> ACTIVITY:
Go to the line below that has "在这一阶段,通过上述公式计算", print it and each line after it exactly, and stop after the line that has "Fanola No Yellow"; leave out pictures.

> PROVIDED RECORDS:
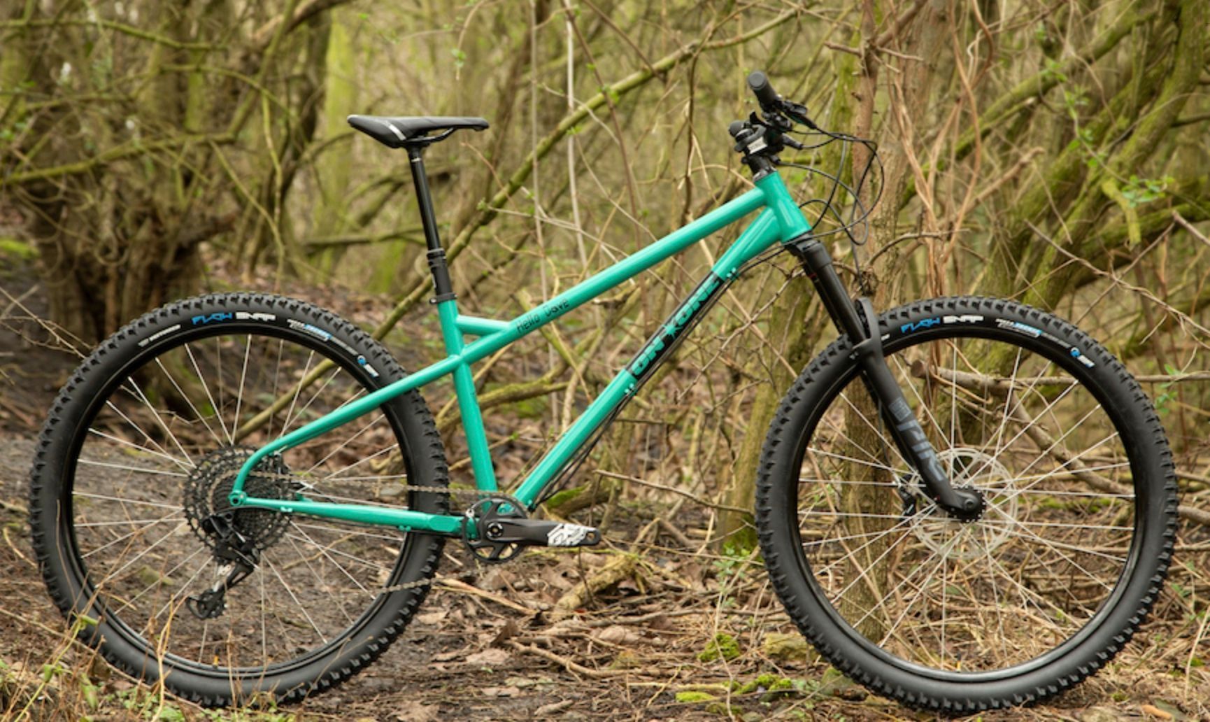 The On One Hello Dave is for riders who want to test out some really crazy geo without spending a fortune. At £349 for the frame only, it’s by far the most aggressive hardtail at this price by a large margin, and even bikes from Pole don’t match the geo. It’s not going to be a bike that suits everyone, but if you already have a taste for ultra-long and slack then the Hello Dave is a cheap hardtail option. The numbers? 62-degree head angle, 77-degree seat tube, and reach from 450-520mm!
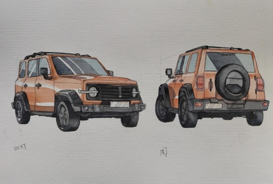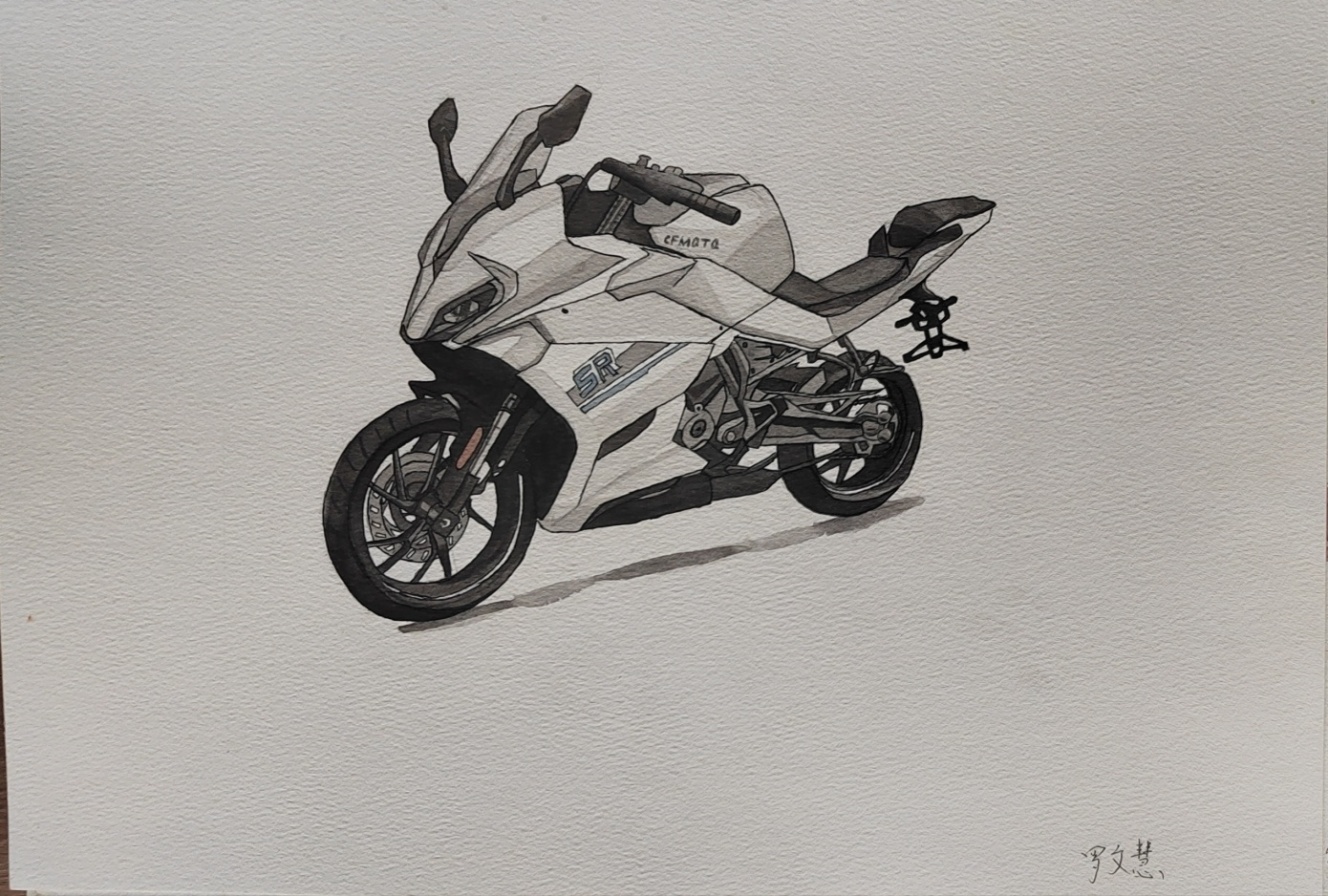 這幅水彩手繪摩托車畫作,巧妙地融合了水彩的輕盈與摩托車的力量感。畫中是一輛獨具特色的摩托車,其流暢的線條和鮮明的色彩使得整個畫面充滿動感,其金屬質(zhì)感通過水彩的透明度和層次感得到了較好的表現(xiàn)。
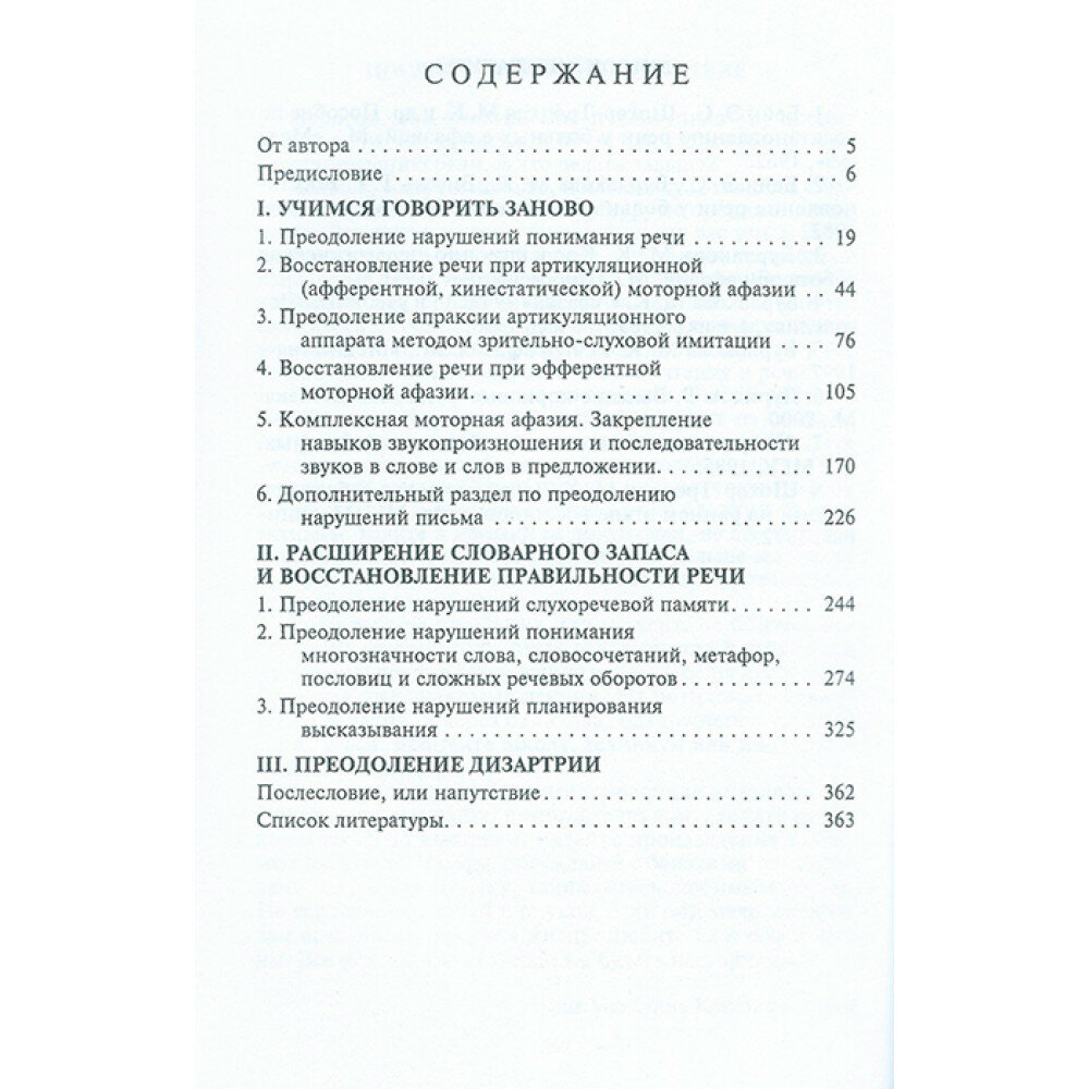 В книге дается описание и анализ распространенных форм афазии, а также конкретные способы преодоления возникающих дефектов. Задания каждого раздела, прекрасно иллюстрированные рисунками, направлены на коррекцию той или иной формы афазии и сопутствующих ей нарушений письма, чтения, согласования членов предложения, счетных операций.
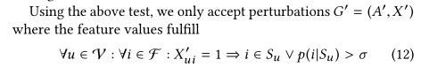 在这一阶段,通过上述公式计算得到的参数,可以用来衡量两个图是否具有相同的分布特征。接下来,我们定义了log-likelihood分数。只有当图结构扰动满足特定条件时,这种扰动才被认为是可行的。
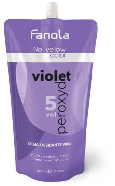 Fanola No Yellow lila krémperoxid 5 Vol (1,5 %), 1 l - A krémes állagú oxidáns lila pigmentekkel- Tökéletesen alkalmas a sárga árnyalatok kezelésére már a világosítás során- Ideális hajfestéshez és világosításhoz- Kiváló világosító teljesítmény, elősegíti a hideg pigmentek egyenletes megkötését- Szőkítővel keverve segíti a fokozatos és természetes hatású v
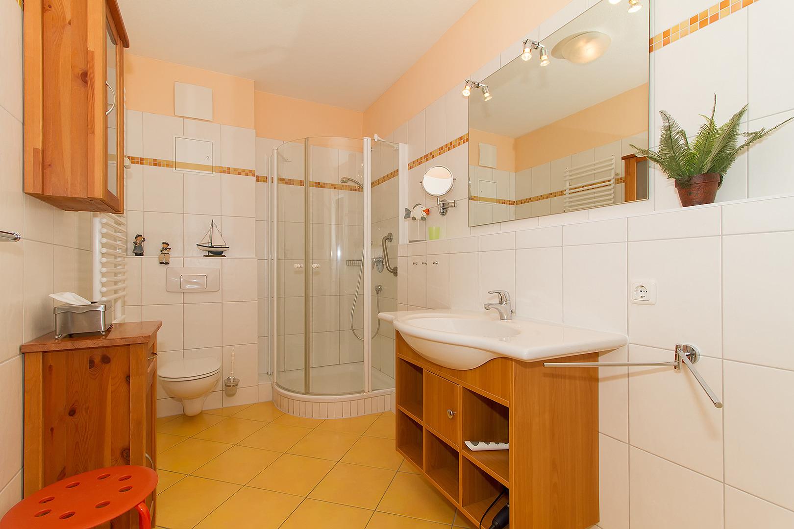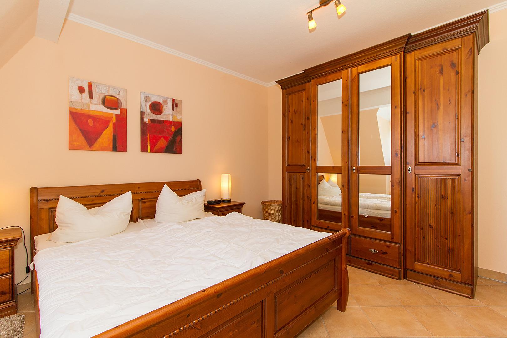 Im Schlafzimmer befindet sich ein Doppelbett. Das Duschbad/WC mit Fußbodenheizung ergänzt die Ferienwohnung.
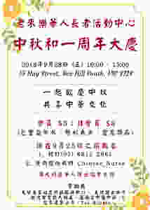 為了跟大家分享我們的喜悅,並且一起慶祝這對於華人來說至關重要的節日 – 中秋節,我們將在9月28日禮拜五舉辦中秋節暨老來樂一周年慶祝會,當天幾大墨爾本年長者協會的領頭人也將受邀出席參加我們的活動,希望藉由這樣喜慶的場合,與各位嘉賓報告我們老來樂華人長者活動中心在這一年內的成長,還有未來的發展展望;當天,澳大利亞華人護士協會也準備了一齣齣別具風采的節目、一盤盤豐盛的餐點,還有一樣樣精緻的禮品,等著您的蒞臨。
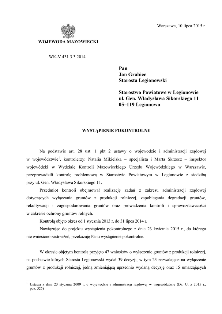 Warszawa, 10 lipca 2015 r. WOJEWODA MAZOWIECKI WK-V.431.3.3.2014 Pan Jan Grabiec Starosta Legionowski Starostwo Powiatowe w Legionowie ul. Gen. Władysława Sikorskiego 11 05–119 Legionowo WYSTĄPIENIE POKONTROLNE Na podstawie art. 28 ust. 1 pkt 2 ustawy o wojewodzie i administracji rządowej w województwie1, kontrolerzy: Natalia Mikielska specjalista i Marta Skrzecz – inspektor wojewódzki w Wydziale Kontroli Mazowieckiego Urzędu Wojewódzkiego w Warszawie, przeprowadzili kontrolę problemową w Starostwie Powiatowym w Legionowie z siedzibą przy ul. Gen. Władysława Sikorskiego 11. Przedmiot kontroli obejmował realizację zadań z zakresu administracji rządowej dotyczących wyłączania gruntów z produkcji rolniczej, zapobiegania degradacji gruntów, rekultywacji i zagospodarowania gruntów oraz prowadzenia kontroli i sprawozdawczości w zakresie ochrony gruntów rolnych. Kontrolą objęto okres od 1 stycznia 2013 r. do 31 lipca 2014 r. Nawiązując do projektu wystąpienia pokontrolnego z dnia 23 kwietnia 2015 r., do którego nie wniesiono zastrzeżeń, przekazuję Panu wystąpienie pokontrolne. W okresie objętym kontrolą przyjęto 47 wniosków o wyłączenie gruntów z produkcji rolniczej, na podstawie których Starosta Legionowski wydał 39 decyzji, w tym 23 zezwalające na wyłączenie gruntów z produkcji rolniczej, jedną zmieniającą uprzednio wydaną decyzję oraz 15 umarzających 1 Ustawa z dnia 23 stycznia 2009 r. o wojewodzie i administracji rządowej w województwie (Dz. U. z 2015 r., poz. 525) postępowanie w przedmiocie wyłączenia gruntów z produkcji oraz 6 postanowień o odmowie wszczęcia postępowania. Ponadto jeden wniosek pozostawiono bez rozpoznania ze względu na nieusunięcie jego braków w wyznaczonym terminie, a jeden został wycofany przez wnioskodawcę. Starosta Legionowski nie wydawał decyzji w sprawie rekultywacji i zagospodarowania gruntów ani nakazujących zalesienie, zadrzewienie lub zakrzewienie gruntów, lub założenie na nich trwałych użytków rolnych ze względu na ochronę gleb przed erozją i ruchami masowymi ziemi. Organ we wskazanym okresie nie prowadził także kontroli stosowania przepisów ustawy o ochronie gruntów rolnych i leśnych2. Kontroli poddano 30 spraw dotyczących wyłączenia gruntów z produkcji rolniczej, w tym 16 zakończonych wydaniem decyzji zezwalających na wyłączenie, sześć wydaniem decyzji umarzających postępowanie, sześć postanowień o odmowie wszczęcia postępowania oraz dwie sprawy, w przypadku których wniosek, odpowiednio, wycofano, oraz pozostawiono bez rozpoznania. W kontrolowanej jednostce opracowano wzór wniosku o wyłączenie gruntów z produkcji rolniczej, który określał wymagane załączniki, i udostępniono go na stronie BIP urzędu oraz w Wydziale Geodezji i Gospodarki Nieruchomościami. Skontrolowane decyzje dotyczące wyłączenia gruntów rolnych z produkcji rolniczej zostały wydane z zachowaniem właściwości rzeczowej i miejscowej organu określonej w art. 5 ust. 1 ustawy o ochronie gruntów rolnych i leśnych oraz art. 21 § 1 k.p.a.3 Decyzje zezwalające dotyczyły gruntów określonych w art. 11 ust. 1 ustawy o ochronie gruntów rolnych i leśnych i zawierały elementy, o których mowa w art. 107 § 1 k.p.a, a także stosownie do przedmiotu decyzji określały: - należności za wyłączenie gruntu z produkcji rolniczej oraz zwolnienie z ich zapłaty, - opłatę roczną (lub jednorazową) z tytułu użytkowania na cele nierolnicze gruntów wyłączonych z produkcji rolniczej, - termin uiszczenia opłaty oraz numer konta bankowego, na które należy ją wnieść, - obowiązek zdjęcia i wykorzystania wierzchniej warstwy gleby na poprawę wartości użytkowej gruntów, - pouczenie o skutkach nieterminowego wnoszenia opłat i konieczności uprzedzenia nabywcy o obowiązku uiszczania opłat rocznych w razie zbycia gruntów objętych decyzją. W przypadku dziewięciu spraw oznaczonych: GN.6124.1.8.2013, GN.6124.1.20.2013.BK, GN.6124.1.28.2013.KK2, 2 3 GN.6124.1.31.2013.MB1, GN.6124.1.33.2013.KK2, Ustawa z dnia 3 lutego 1995 r. o ochronie gruntów rolnych i leśnych (Dz. U. z 2013 r., poz. 1205, z późn. zm.). Ustawa z dnia 14 czerwca 1960 r. Kodeks postępowania administracyjnego (Dz. U. z 2013 r. poz. 267, z późn. zm.). 2 GN.6124.1.36.2013.KK2, GN.6124.39.2014.KK2, GN.6124.41.2014.KK2 oraz GN.6124.46.2014.KK2 wnioskodawców, na podstawie art. 12a ustawy o ochronie gruntów rolnych i leśnych, nie dotyczył obowiązek uiszczenia należności i opłat rocznych z uwagi na wyłączenie gruntów z produkcji rolniczej na cele budownictwa mieszkaniowego. W pozostałych poddanych kontroli sprawach oznaczonych: GN.6124.1.7.2013.MB1, GN.6124.1.26.2013.AZ4, GN.6124.2.2014.NS, GN.6124.33.2014.KK2, GN.6124.1.12.2013.MB1, GN.6124.1.2014.KK2 oraz GN.6124.31.2014.KK2 wnioskodawcy byli zwolnieni z obowiązku uiszczenia jednorazowej należności stosownie do art. 12 ust. 6 ww. ustawy, ponieważ wartość gruntu przewyższała wartość należności. Opłaty roczne, stanowiące 10% wartości należności określonych zgodnie z art. 12 ust. 7 ustawy o ochronie gruntów rolnych i leśnych – zostały ustalone w prawidłowej wysokości. Przed nałożeniem na strony obowiązku zdjęcia oraz wykorzystania próchniczej warstwy gleby na cele poprawy wartości użytkowej gruntów w 15 sprawach oznaczonych: GN.6124.1.7.2013.MB1, GN.6124.1.26.2013.AZ4, GN.6124.2.2014.NS, GN.6124.33.2014.KK2, GN.6124.1.8.2013, GN.6124.1.12.2013.MB1, GN.6124.1.20.2013.BK, GN.6124.1.28.2013.KK2, GN.6124.1.33.2013.KK2, GN.6124.31.2014.KK2, GN.6124.1.36.2013.KK2, GN.6124.39.2014.KK2, GN.6124.1.2014.KK2, GN.6124.41.2014.KK2 oraz GN.6124.46.2014.KK2 Starosta Legionowski, stosownie do art. 14 ust. 1 ustawy o ochronie gruntów rolnych i leśnych, zasięgnął opinii wójta właściwego ze względu na położenie działki. Poddane kontroli decyzje w sprawie wyłączenia gruntów z produkcji rolniczej oraz postanowienia od

> EXERCISE RESULT:
 在这一阶段,通过上述公式计算得到的参数,可以用来衡量两个图是否具有相同的分布特征。接下来,我们定义了log-likelihood分数。只有当图结构扰动满足特定条件时,这种扰动才被认为是可行的。
 Fanola No Yellow lila krémperoxid 5 Vol (1,5 %), 1 l - A krémes állagú oxidáns lila pigmentekkel- Tökéletesen alkalmas a sárga árnyalatok kezelésére már a világosítás során- Ideális hajfestéshez és világosításhoz- Kiváló világosító teljesítmény, elősegíti a hideg pigmentek egyenletes megkötését- Szőkítővel keverve segíti a fokozatos és természetes hatású v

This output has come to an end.